■ What you will do ■
Once you find the line below that has "off 。接着nmcli networking on", output it and every line after it exactly, stopping after the line that has "4、选择一个你心仪的城市作为", with no pictures.

■ Input for this task ■

= = = =

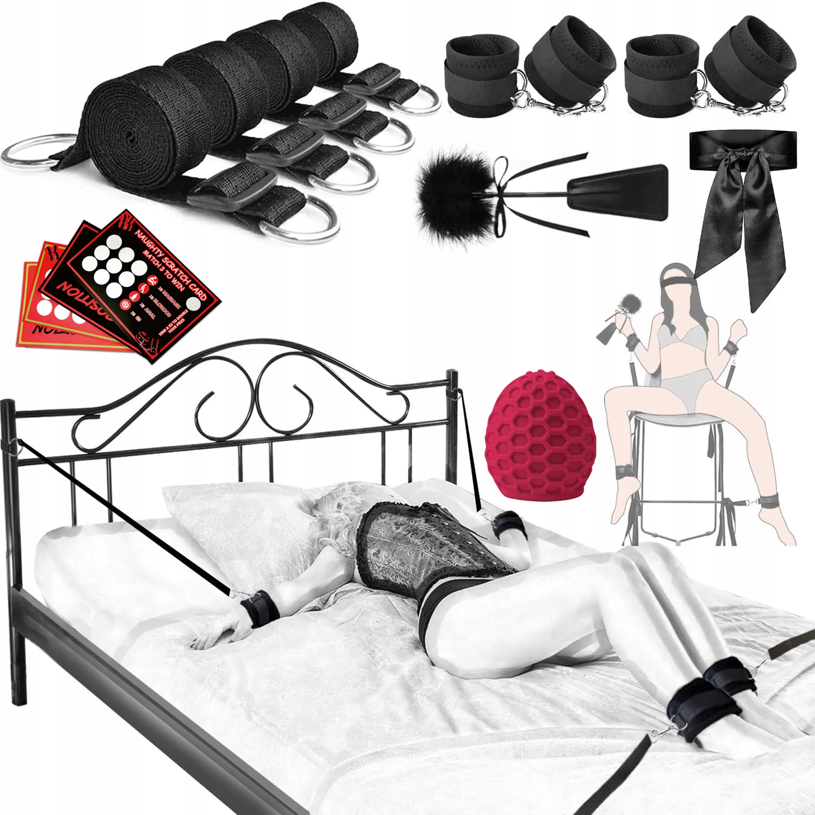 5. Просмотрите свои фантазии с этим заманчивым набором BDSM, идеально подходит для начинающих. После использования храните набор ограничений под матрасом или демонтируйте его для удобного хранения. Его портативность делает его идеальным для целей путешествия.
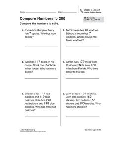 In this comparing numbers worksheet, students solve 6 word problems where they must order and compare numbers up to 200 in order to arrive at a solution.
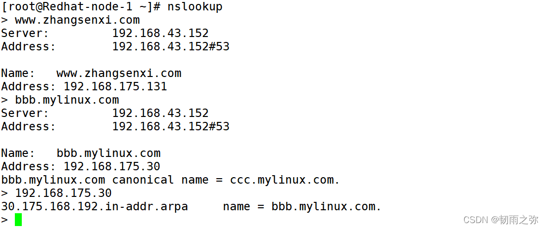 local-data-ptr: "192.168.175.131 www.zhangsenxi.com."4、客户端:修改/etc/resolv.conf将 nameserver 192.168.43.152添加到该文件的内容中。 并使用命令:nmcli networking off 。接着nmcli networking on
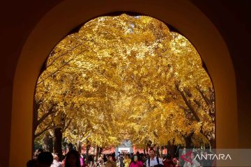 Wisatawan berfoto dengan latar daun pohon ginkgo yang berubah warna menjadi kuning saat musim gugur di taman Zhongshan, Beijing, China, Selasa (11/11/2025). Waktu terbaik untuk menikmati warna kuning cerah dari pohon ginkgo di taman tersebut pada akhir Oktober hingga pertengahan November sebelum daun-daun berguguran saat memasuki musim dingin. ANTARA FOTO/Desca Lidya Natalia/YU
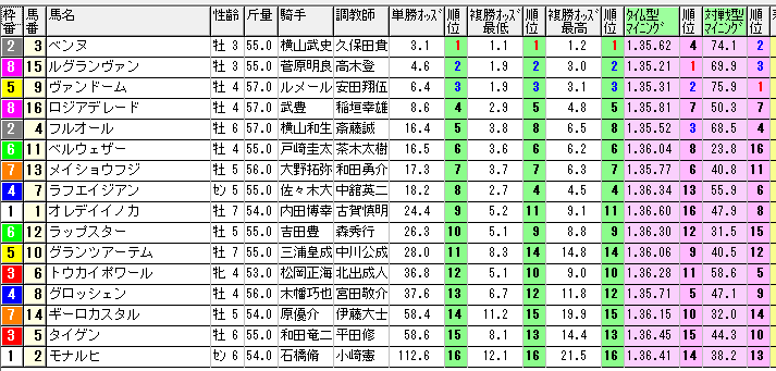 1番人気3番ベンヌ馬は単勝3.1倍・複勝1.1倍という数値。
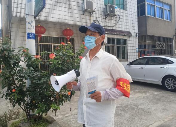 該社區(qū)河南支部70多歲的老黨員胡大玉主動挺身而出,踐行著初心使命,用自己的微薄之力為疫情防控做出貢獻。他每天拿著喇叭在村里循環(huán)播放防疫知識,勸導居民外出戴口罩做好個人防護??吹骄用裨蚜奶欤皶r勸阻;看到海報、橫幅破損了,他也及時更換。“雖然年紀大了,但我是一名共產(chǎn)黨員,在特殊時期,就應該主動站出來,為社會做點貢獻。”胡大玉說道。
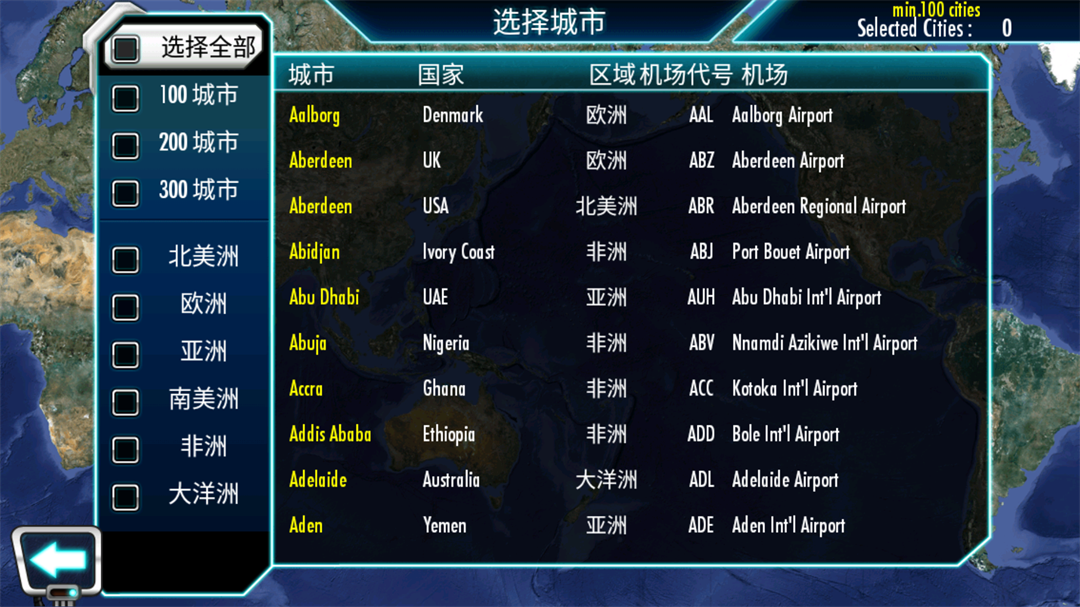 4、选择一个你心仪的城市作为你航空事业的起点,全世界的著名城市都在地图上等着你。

= = = =

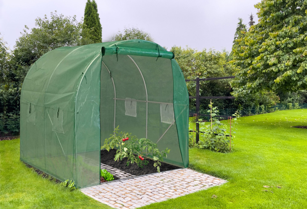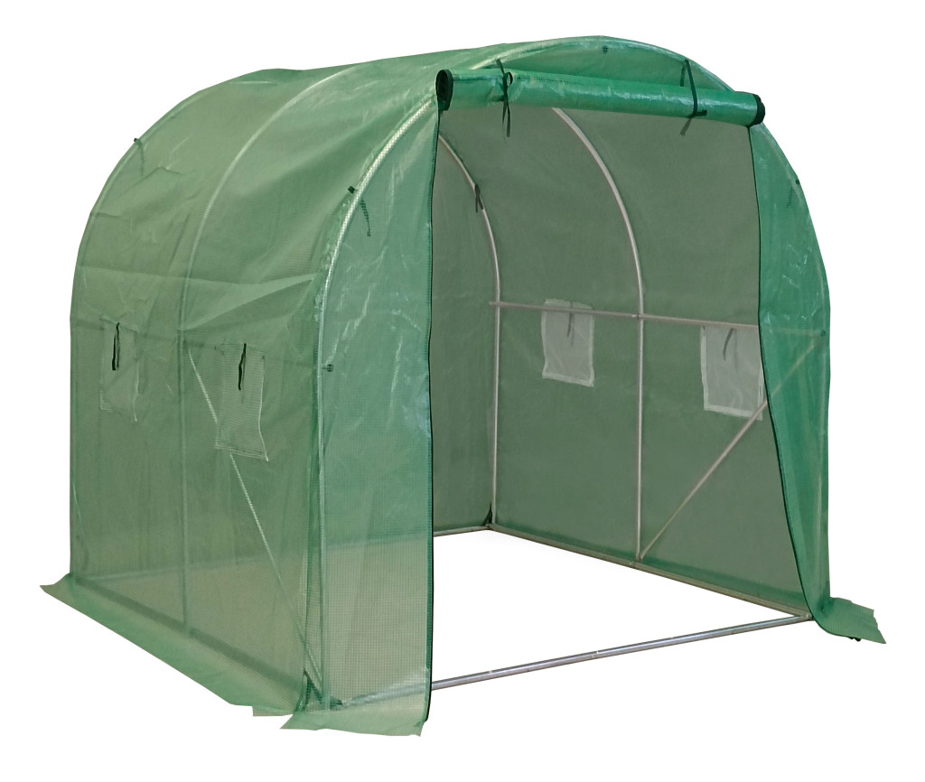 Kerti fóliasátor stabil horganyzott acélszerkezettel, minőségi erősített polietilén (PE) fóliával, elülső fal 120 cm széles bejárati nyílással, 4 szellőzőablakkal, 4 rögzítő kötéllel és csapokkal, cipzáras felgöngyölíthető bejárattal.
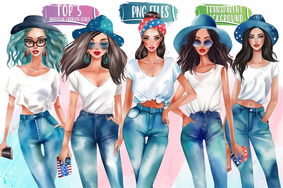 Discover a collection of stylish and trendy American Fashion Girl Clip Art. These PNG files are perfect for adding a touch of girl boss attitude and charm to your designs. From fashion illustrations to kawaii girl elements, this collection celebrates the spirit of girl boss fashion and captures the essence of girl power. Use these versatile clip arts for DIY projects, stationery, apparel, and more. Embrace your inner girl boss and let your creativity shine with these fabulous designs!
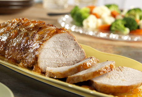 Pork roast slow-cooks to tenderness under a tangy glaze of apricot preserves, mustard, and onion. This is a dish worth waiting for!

= = = =

■ Output ■
 local-data-ptr: "192.168.175.131 www.zhangsenxi.com."4、客户端:修改/etc/resolv.conf将 nameserver 192.168.43.152添加到该文件的内容中。 并使用命令:nmcli networking off 。接着nmcli networking on
 Wisatawan berfoto dengan latar daun pohon ginkgo yang berubah warna menjadi kuning saat musim gugur di taman Zhongshan, Beijing, China, Selasa (11/11/2025). Waktu terbaik untuk menikmati warna kuning cerah dari pohon ginkgo di taman tersebut pada akhir Oktober hingga pertengahan November sebelum daun-daun berguguran saat memasuki musim dingin. ANTARA FOTO/Desca Lidya Natalia/YU
 1番人気3番ベンヌ馬は単勝3.1倍・複勝1.1倍という数値。
 該社區(qū)河南支部70多歲的老黨員胡大玉主動挺身而出,踐行著初心使命,用自己的微薄之力為疫情防控做出貢獻。他每天拿著喇叭在村里循環(huán)播放防疫知識,勸導居民外出戴口罩做好個人防護??吹骄用裨蚜奶欤皶r勸阻;看到海報、橫幅破損了,他也及時更換。“雖然年紀大了,但我是一名共產(chǎn)黨員,在特殊時期,就應該主動站出來,為社會做點貢獻。”胡大玉說道。
 4、选择一个你心仪的城市作为你航空事业的起点,全世界的著名城市都在地图上等着你。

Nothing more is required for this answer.